Theresa May 'frustrated' with rules on spending overseas aid cash

Theresa May is "frustrated" with international rules that stop British aid cash being used to help victims of Hurricane Irma and the UK was pushing to change them, Downing Street said.

Number 10 insisted the UK's aid effort had not been hampered by the rules set by the Organisation for Economic Cooperation and Development based in Paris (OECD).

But the Prime Minister's spokesman made clear Mrs May was not happy with the way the rules were operating and stressed that International Development Secretary Priti Patel was leading work to change them.

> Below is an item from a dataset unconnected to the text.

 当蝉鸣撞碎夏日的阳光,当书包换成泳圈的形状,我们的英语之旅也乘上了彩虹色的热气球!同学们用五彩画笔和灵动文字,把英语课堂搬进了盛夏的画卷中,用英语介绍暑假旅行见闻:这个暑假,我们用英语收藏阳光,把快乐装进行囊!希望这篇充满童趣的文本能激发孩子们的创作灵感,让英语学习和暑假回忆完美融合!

The spokesman said the OECD rules do not "stop Britain dedicating the money needed for the hurricane recovery and reconstruction effort".

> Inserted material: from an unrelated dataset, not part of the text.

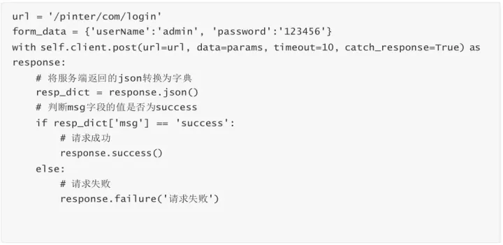 在Locust中,调用get/post函数时,加入一个catch_response=True参数,配合with语句,将服务端响应保存到一个变量里,就可以在代码中根据业务规则标记本次请求是成功还是失败。

"The response would have been just as large and swift regardless of the aid rules," the spokesman said.

But he added: "The Prime Minister is frustrated with the rules as they stand."

The UK has pledged a total of £57 million towards disaster relief and the public has helped to raise a further £1.3 million.

But an unnamed minister told the BBC the figure would have been significantly higher without strict international rules governing the allocation of the £13 billion aid budget, a claim disputed by Downing Street.

Anguilla, Turks and Caicos and the British Virgin Islands do not qualify for support from the pot because their incomes are too high.

The way Britain and 34 other developed nations spend their aid budget is governed by the OECD.

Countries are given a ranking according to need, which is intended to ensure the poorest countries take priority.

The UK is committed to spending 0.7% of national income on aid under the rules set by the OECD.

The Tory election manifesto committed to working to change the rules.

The Prime Minister's spokesman said: "We began detailed work after the election to change the rules to prevent precisely these kind of scenarios."

He indicated the UK could be prepared to act alone if there was no agreement on changing the international rules.

"What we are working on at the moment is changing the rules at the OECD, but the manifesto set out that if that wasn't possible we could look at changing the rules here and that remains the case."